2. Look up isolation level. Locking, for example on SQL server, may cause lock waits and even chained lock waits, and insert/update/delete operations on certain systems may cause true operational problems if the batch size is larger than – in some cases – even 2000 records. In a case of merge operations the batch size should be even smaller in most cases per the number of tables involved into processing.
3. If the system is "cold" – run the EIM processes in parallel (from EIM components residing on different Siebel servers if you need to run many tasks, depends on the capacity of you EIM component Siebel server) and turn on row level locks – disable all higher locking. This will help avoiding processes waiting on each other for lock releases. Run as large batches as you see fit knowing your system (start with 30K rows and go up and down in the increments of 10K, than 2K, until the optimal batch size is defined). Keep in mind that for most systems to avoid bottlenecks on I/O, CPU and memory 20K-40K batches may be optimal. Hint: the bottleneck usually resides with I/O, so plan in advance with DBAs which file groups/files you place EIM tables and EIM tables indices in, and place those onto separate sets of spindles (almost irrelevant in case of solid state drives or advance storage systems). Partition the EIM tables based on batch numbers if you need to perform large load, create partitions for 200-300K rows. Implement alerting on the db server for any lock waits >60 seconds, comes handy.
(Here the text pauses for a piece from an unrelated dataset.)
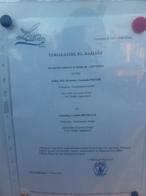 Saluts les filles, Savez vous quand est ce que sont affichés les bans de mariage a la mairie?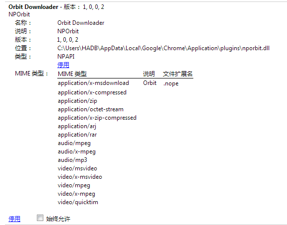 导致我一直以为我没有卸载 Orbit,后来我找来找去,都找不到 Orbit 的卸载文件,也找不到它的安装目录,我想,应该是卸载了的呀!后来一想,既然是在 Chrome 下出现问题,估计是插件的原因,于是在 Chrome 地址栏输入:chrome://plugins/进入 Chrome 的插件管理,果然发现一个 Orbit Downloader 的插件,如下图,停用,问题解决。

4. It is worth putting batches into a minimum number of processing sequences; that eliminates necessity for the EIM task loading dictionary from the repository for each of the batches – it is done once for all batches in a process.
5. "Regular maintenance" is a general rule for any table in a DB that is undergoing changes; in the case of EIM when any significant number of records are processed defragmentation and statistics updates should be performed on the EIM table(s) right post populating EIM table and prior processing, and may be in parallel with processing (depends on how large is the load and the degree of indices fragmentation you observe when doing routine check during processing). This stands true for inserts, updates, deletes, exports and merges. For DB2 you can enjoy UPDATE STATISTICS parameter in the .ifb file, but defragmentation is still needed if you are not running on some very advance storage system like EMC Symmetrix DMX.
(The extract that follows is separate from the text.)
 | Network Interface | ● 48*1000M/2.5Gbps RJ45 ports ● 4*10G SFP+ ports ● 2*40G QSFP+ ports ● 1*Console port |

6. Once working on a "cold" system (when the system is dedicated to the load) interesting results in terms of speeding up large loads – up to 3-15000 times per my experience – can be obtained once you drop all indices from the target base tables (leave only clustered and user key/unique indices alone on the base tables), and drop ALL indices on the EIM table – create clustered index with a "covering" key based on the columns of the indices you see in the trace minus columns that you are not populating in the EIM table + ROW_ID for uniqueness (yes, this contradicts best practices for clustered indices but in this case works with a multi-column unique key like a charm). Of cause, if you use this approach setting of hints and essential hints to false in the .ifb file is necessary (in some cases you will still see hints in traces – use trace flag 8602 on SQL server to disable hints on db server level, I cannot recall for Oracle from the top of my head). Once you are done with EIM processing, apply all indeces as those were defined prior you started your exercise, and remove the flag.
7. After you are done with the initial planning/testing/tuning of a large load, disable all events logs (to 0 or 1 depending on your version of Siebel) and traces on the application servers EIM components. Not a large win, but once we are talking of hundreds of millions of records to process even small percentage may give you extra time for your precious resting. The same applies to dropping triggers, disabling transactions logging, etc.